All planning and progress documents live in plans/:

  • plans/PLAN-V2.1.3.mdactive plan: Scoring overhaul, data capture & challenge classification. 6 phases: data foundation → compile+AST scorer → behavioral tests → challenge classification → skill-guided benchmark → full scored mock run → production engine.
  • plans/SPEC-V2.1.md — shipped spec: controlled evaluation environments, tiered challenge pools, train/test separation.
  • taxonomy/elixir/SEEDING-PLAN.md — shipped workstream plan: SKLD-bench content authoring for the 7 lighthouse Elixir families (867 challenges, PRs #9-#17).
  • taxonomy/elixir/SCHEMAS.md — file shapes reference for every file in a v2.1 family folder.
  • plans/PLAN-V2.0.md — v2.0 implementation plan (5 phases, 15 waves). Shipped.
  • plans/SPEC-V2.0.md — v2.0 spec: taxonomy, agent roster, variant architecture, evaluation strategy, data model.
  • plans/BACKLOG.md — carried-over items from v1.2 + research paper framework + SKLD rebrand.
  • plans/PROGRESS.md — completed work log, MVP checklist, decisions log.
  • plans/PLAN-V1.2.md — v1.2 plan (Managed Agents port). Shipped via PR #1.
  • plans/archived/PLAN.md — original MVP plan (Steps 3-11). Shipped.
  • plans/archived/PLAN-V1.1.md — v1.1 plan (seeds, uploads, palette, theme). Shipped.
  • plans/archived/PLAN-V2.1.md — v2.1 engine plan (~950 lines). Blocked on v2.1.3 completion.
  • plans/archived/PLAN-V2.1.2.md — v2.1.2 scoring overhaul (7 sprints). Superseded by PLAN-V2.1.3.
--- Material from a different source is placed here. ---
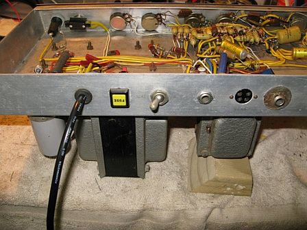 Moving towards home studio it then grew a LM833-based preamp, and a back middle panel with a number of XLR and TRS connectors, speakers first (I know they aren't authentic, but they are a far superior connector for stage work); pre's out, main's in, that sort of thing.

Task Execution Workflow (REQUIRED)

Every time you complete a task, follow this loop:

  1. Read the relevant plan in plans/ before starting work.
  2. Execute the task per the plan's contracts and QA checklist.
  3. Document completion by appending a dated entry to plans/PROGRESS.md under ### Completed:, checking off any MVP checklist items, and adding a row to the Decisions Log if a non-trivial decision was made.

Do not batch completions — update plans/PROGRESS.md immediately after each task lands so the tracker never drifts from reality.